Differentiating Personal and Personalized Learning

Type: Article
Topics: Curriculum & Assessment, School Administrator Magazine

March 01, 2017

Karen Gaborik teaching students
Karen Gaborik (left), superintendent in Fairbanks, Alaska, whose district is piloting a personalized learning program in 3rd grade

As educators, we’re interested in listening to kids discuss their classroom experiences. Recently, one of us (Hansen) listened to his school-age son, Anders, talk excitedly about a project he completed in his advanced photography class: Create an original work of art using digital images and Photoshop.

Anders’ excitement was centered on his final product, of course, but underneath it was more about the control he had in completing the assignment — the ability to identify his final project, research the process and identify necessary skills and resources he needed to achieve his goal. He was in control of his own learning, and it was personal to him.

Student-Centered

Over the past decade, education has witnessed a monumental paradigm shift in classroom instructional focus from a teacher-centered to student-centered model. The International Society for Technology in Education has codified 14 Essential Conditions of student-centered learning. One condition is that “students (move) from passive receivers of information to active participants in their own discovery process. What students learn, how they learn it and how their learning is assessed are all driven by each individual student’s needs and abilities.”

Just as Anders became excited during his personal project, most students are excited to have input into their learning and engage in self-directed activities, personalized to fit their interests. While the traditional classroom model and curriculum call for standardization to ensure everyone meets minimum criteria, students at all levels are benefiting most from more individualized approaches.

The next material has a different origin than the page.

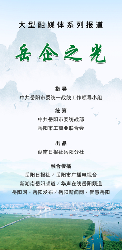 在中共岳阳市委统一战线工作领导小组指导下,岳阳市委统战部、岳阳市工商业联合会统筹,湖南日报社岳阳分社联合岳阳日报社、岳阳市广播电视台、新湖南岳阳频道、华声在线岳阳频道、岳阳网·岳阳发布、岳阳新闻网·智慧岳阳,重磅推出“岳企之光”大型融媒体系列报道,全方位、多视角、立体化呈现岳阳民营经济高质量发展的好声音好故事。敬请关注!

We know students are individuals and, as such, they learn differently. Thus, we must shift to provide content in different modes and at different (individually appropriate) times. The shift to student-centered instruction coupled with technology allows teachers to create personal and personalized learning opportunities for each student.

Differentiating Terms

What are personal learning and personalized learning? They sound the same, so are they different? Generally, personalized learning is used as an umbrella term, inclusive of both personal learning and personalized learning strategies. When you ask educators to describe each, they mention similar characteristics: student-centered, authentic, engaging, self-paced, flexible and project based. Yet some differences exist.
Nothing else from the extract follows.